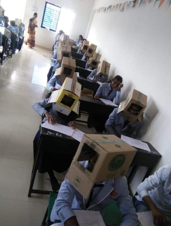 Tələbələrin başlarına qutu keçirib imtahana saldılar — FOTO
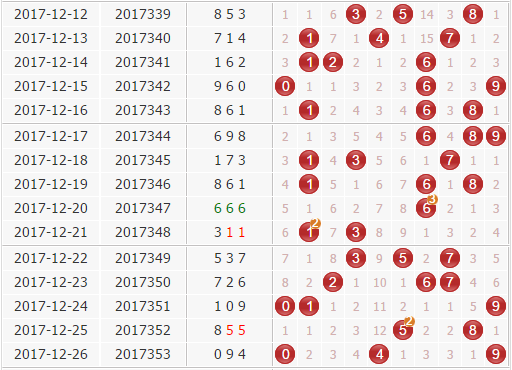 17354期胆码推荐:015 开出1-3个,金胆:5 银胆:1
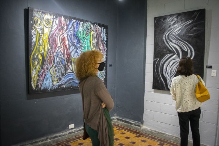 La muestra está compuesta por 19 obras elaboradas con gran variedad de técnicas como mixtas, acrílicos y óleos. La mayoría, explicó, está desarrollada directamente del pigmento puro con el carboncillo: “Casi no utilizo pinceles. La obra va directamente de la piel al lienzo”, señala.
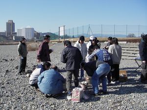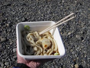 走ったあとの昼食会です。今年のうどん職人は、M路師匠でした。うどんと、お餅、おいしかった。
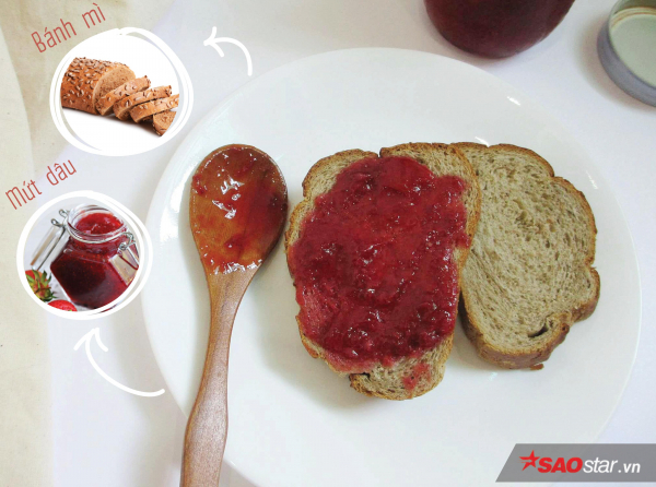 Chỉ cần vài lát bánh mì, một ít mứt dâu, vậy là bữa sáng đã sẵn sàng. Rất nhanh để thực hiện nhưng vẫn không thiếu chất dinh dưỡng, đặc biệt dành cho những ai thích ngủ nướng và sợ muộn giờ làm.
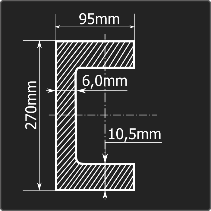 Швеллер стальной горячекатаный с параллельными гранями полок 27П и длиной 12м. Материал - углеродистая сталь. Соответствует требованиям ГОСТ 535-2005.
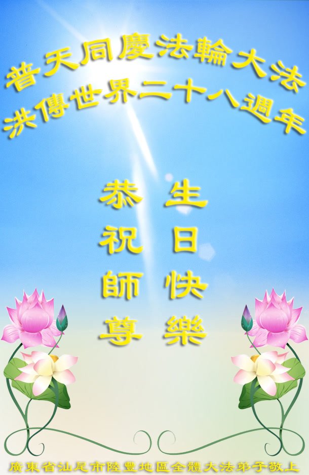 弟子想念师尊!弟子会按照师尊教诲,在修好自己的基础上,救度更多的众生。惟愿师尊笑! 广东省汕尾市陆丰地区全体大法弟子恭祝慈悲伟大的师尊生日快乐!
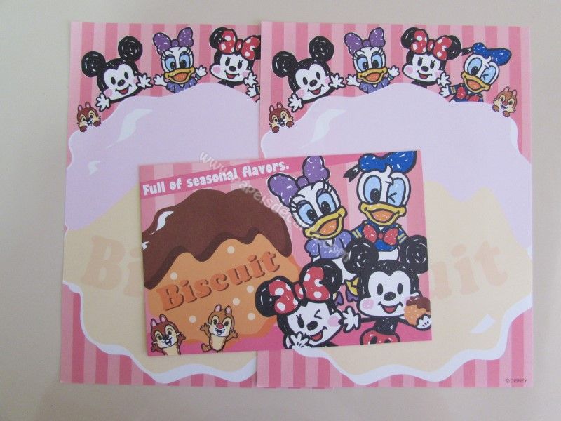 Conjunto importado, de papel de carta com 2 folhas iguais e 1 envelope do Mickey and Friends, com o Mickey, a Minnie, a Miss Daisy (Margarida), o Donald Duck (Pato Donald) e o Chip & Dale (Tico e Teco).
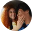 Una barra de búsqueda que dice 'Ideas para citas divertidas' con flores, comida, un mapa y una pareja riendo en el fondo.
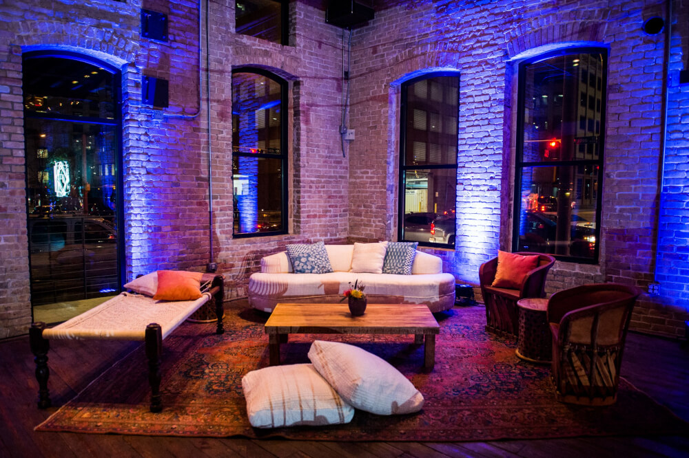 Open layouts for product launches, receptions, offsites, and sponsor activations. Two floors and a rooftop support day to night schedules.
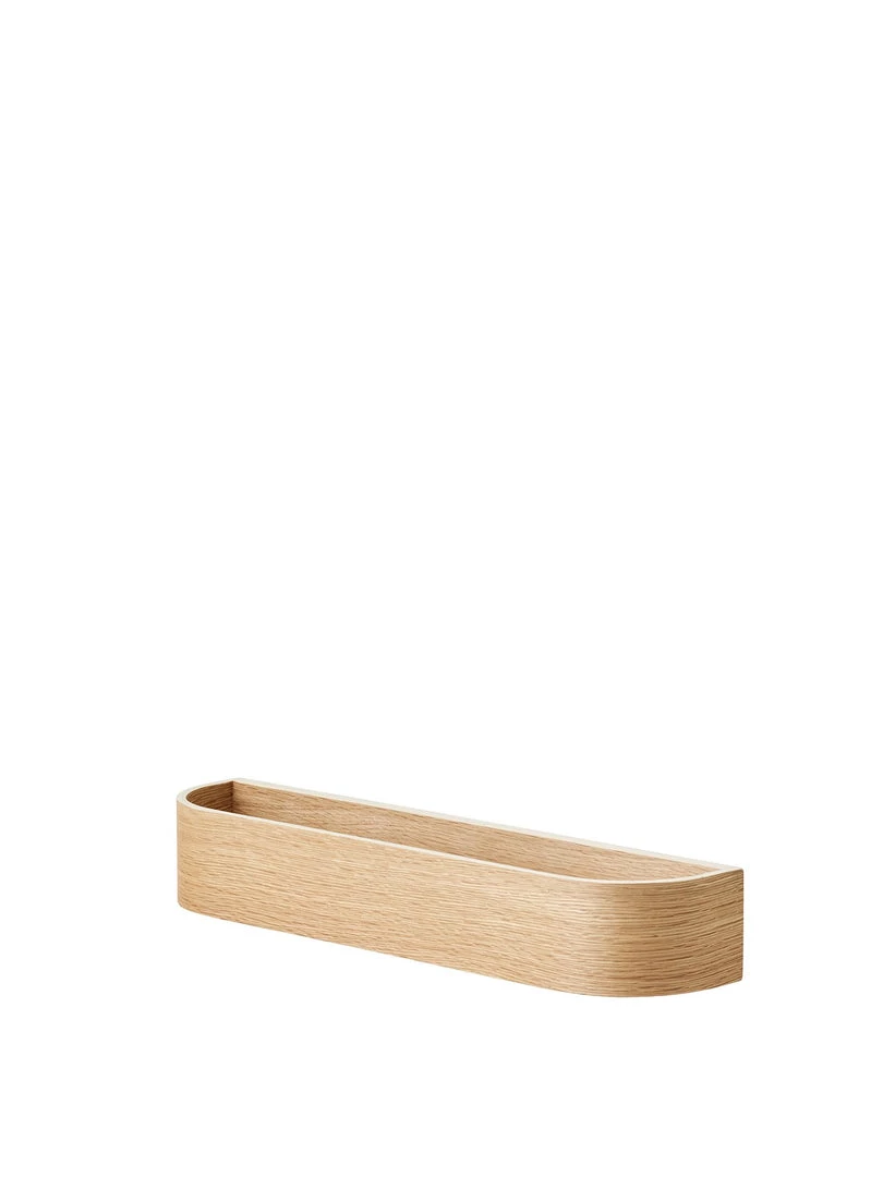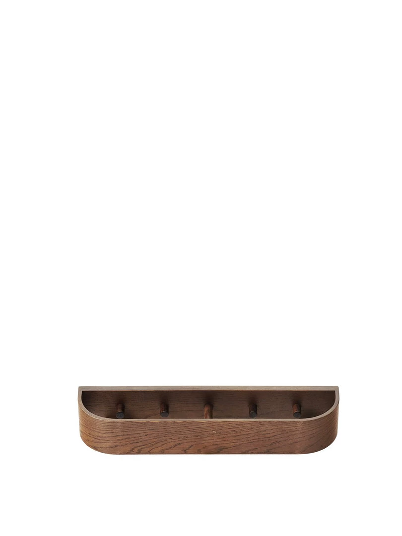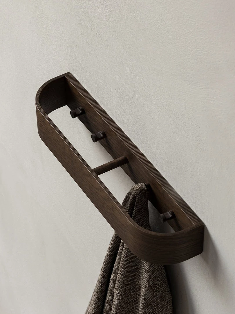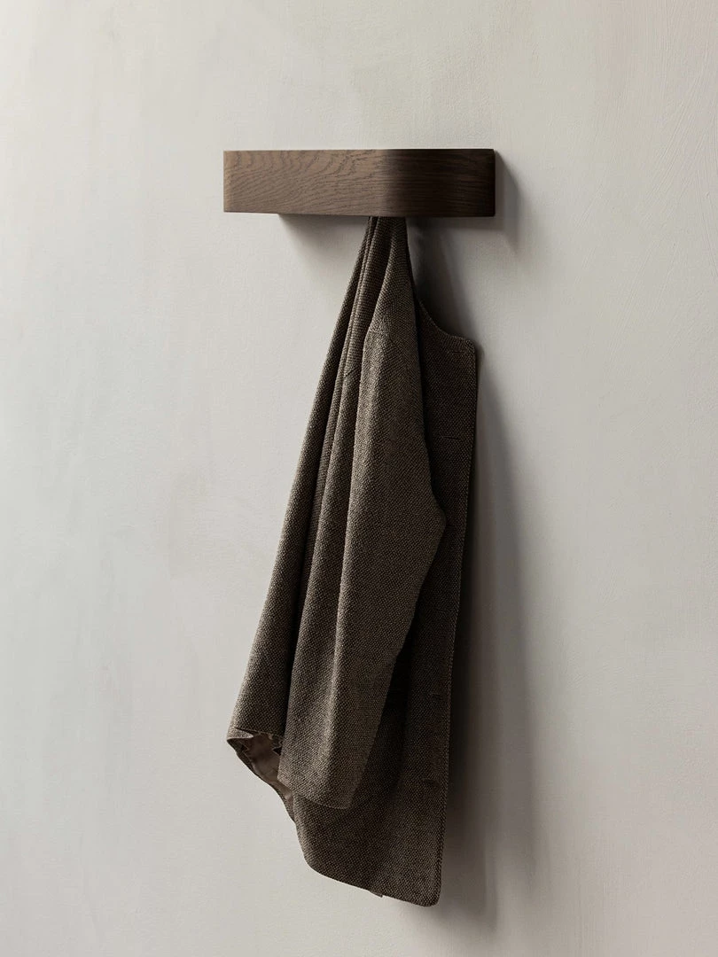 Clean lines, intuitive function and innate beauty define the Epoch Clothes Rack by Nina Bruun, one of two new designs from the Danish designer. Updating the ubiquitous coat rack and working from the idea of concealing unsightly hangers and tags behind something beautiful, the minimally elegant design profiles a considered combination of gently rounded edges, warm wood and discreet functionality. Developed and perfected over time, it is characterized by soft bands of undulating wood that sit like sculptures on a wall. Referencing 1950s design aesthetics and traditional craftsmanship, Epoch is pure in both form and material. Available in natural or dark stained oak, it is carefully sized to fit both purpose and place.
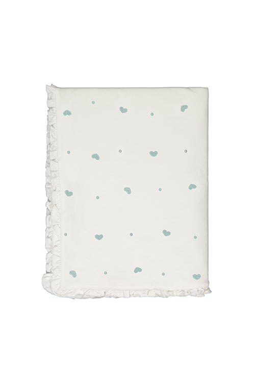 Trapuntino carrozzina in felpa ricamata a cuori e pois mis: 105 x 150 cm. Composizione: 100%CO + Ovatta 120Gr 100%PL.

• _Assignment_: Only the lines from the one containing "Швеллер стальной горячекатаный" through the last line of the entries belong in the answer, given again exactly. Images stay out.

• _Solution to the problem_:
 Швеллер стальной горячекатаный с параллельными гранями полок 27П и длиной 12м. Материал - углеродистая сталь. Соответствует требованиям ГОСТ 535-2005.
 弟子想念师尊!弟子会按照师尊教诲,在修好自己的基础上,救度更多的众生。惟愿师尊笑! 广东省汕尾市陆丰地区全体大法弟子恭祝慈悲伟大的师尊生日快乐!
 Conjunto importado, de papel de carta com 2 folhas iguais e 1 envelope do Mickey and Friends, com o Mickey, a Minnie, a Miss Daisy (Margarida), o Donald Duck (Pato Donald) e o Chip & Dale (Tico e Teco).
 Una barra de búsqueda que dice 'Ideas para citas divertidas' con flores, comida, un mapa y una pareja riendo en el fondo.
 Open layouts for product launches, receptions, offsites, and sponsor activations. Two floors and a rooftop support day to night schedules.
 Clean lines, intuitive function and innate beauty define the Epoch Clothes Rack by Nina Bruun, one of two new designs from the Danish designer. Updating the ubiquitous coat rack and working from the idea of concealing unsightly hangers and tags behind something beautiful, the minimally elegant design profiles a considered combination of gently rounded edges, warm wood and discreet functionality. Developed and perfected over time, it is characterized by soft bands of undulating wood that sit like sculptures on a wall. Referencing 1950s design aesthetics and traditional craftsmanship, Epoch is pure in both form and material. Available in natural or dark stained oak, it is carefully sized to fit both purpose and place.
 Trapuntino carrozzina in felpa ricamata a cuori e pois mis: 105 x 150 cm. Composizione: 100%CO + Ovatta 120Gr 100%PL.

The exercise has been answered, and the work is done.